Литмир - Электронная Библиотека
A
A

— Я замуж, кажется, выхожу, — проговорила она не то смеясь, не то серьезно.

Степан, вроде б как понимая шутки, ткнулся носом в ее мокрое плечо и поцеловал.

— На самом деле! Не сидеть же век у окошечка и тебя поджидать.

Он слышал от сестер, что у Симкиной подружки есть в деревне брат, то ли пастух, то ли конюх, тоже застарелый холостяк. За него, что ли?

— Замерзла ты, ерунду и городишь! — Степан, ежась от холода между лопатками и клацая зубами, потянул Симку обратно в жаркое нутро баньки…

Симка и вправду на другой день уехала в деревню и запропала так запропала… Степан порывался туда съездить да не решился: скверно, назовешься братом, а на уме другое.

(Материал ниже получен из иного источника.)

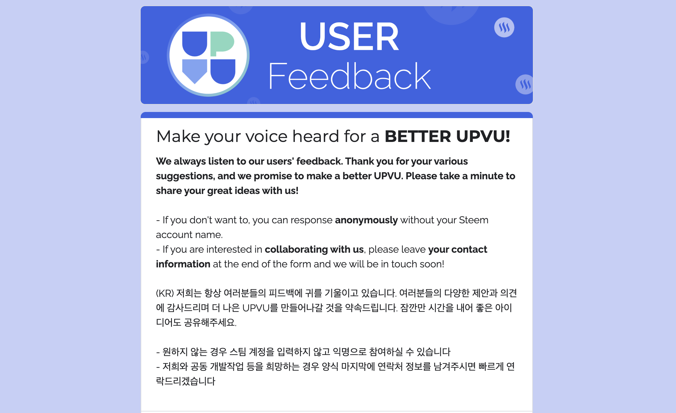 We released UPVU 2.0, the new web interface for Steem on December 2, 2022. We continue to aim to significantly improve the Steemian user experience with our platform, and you can check out our new updates in our Development Progress Report.

Вот так и дождался ее, когда уж прихватило первым морозцем землю, в реке между хрупких ледяных заберегов стыла темная, будто свинцовая, вода, а из низких серых туч в беспросветном небе сыпала часто снежная крупка. От Симки остро пахло деревней: скотним двором, печным чадом, кислой шерстью. И говорила она теперь только об корове, об овцах, о том, как тяжело обряжать полный двор скотины, таскать от колодца большущие ведра воды; о том, что свекровушка больная и обряжуха неважная, а муженек или сожитель — до свадьбы ли! — денег домой носит мало, но отпустил вот на пару деньков в Городок родню попроведать.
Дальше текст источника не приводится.